- _EXERCISE GOAL_
What is needed is an exact copy of the whole listing below, with no pictures.

- _INFORMATION PROVIDED_
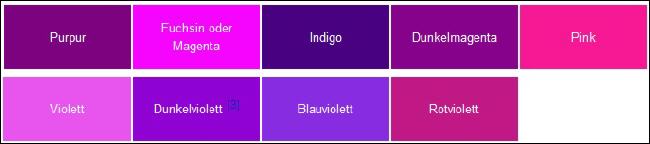 Für die violetten Farbtöne, also die zwischen Rot und Blau, gibt es mehrere Wörter, die sich in der Bedeutung etwas unterscheiden.
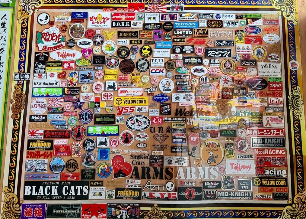 「無料なので早くのイベントとかできたらいいなぁっと思ってます。とにかく自由に使ってよっていうのがバイク神社なんで。それとステッカーを貼ってねっというスペースがありまして、遠方から来れない方たちも居るじゃないですか、そういう方は送ってくれたらちゃんとスペースに貼るよという企画をやってるんで、来れない方は、是非、送って欲しいです」
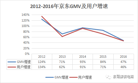 京东2012年到2016年的数据,用户增速和GMV增速基本保持一致性。京东老用户的人均消费额一直在快速增长,而新用户的消费能力较低,最终拉低了人均消费额。

- _REPLY_
 Für die violetten Farbtöne, also die zwischen Rot und Blau, gibt es mehrere Wörter, die sich in der Bedeutung etwas unterscheiden.
 「無料なので早くのイベントとかできたらいいなぁっと思ってます。とにかく自由に使ってよっていうのがバイク神社なんで。それとステッカーを貼ってねっというスペースがありまして、遠方から来れない方たちも居るじゃないですか、そういう方は送ってくれたらちゃんとスペースに貼るよという企画をやってるんで、来れない方は、是非、送って欲しいです」
 京东2012年到2016年的数据,用户增速和GMV增速基本保持一致性。京东老用户的人均消费额一直在快速增长,而新用户的消费能力较低,最终拉低了人均消费额。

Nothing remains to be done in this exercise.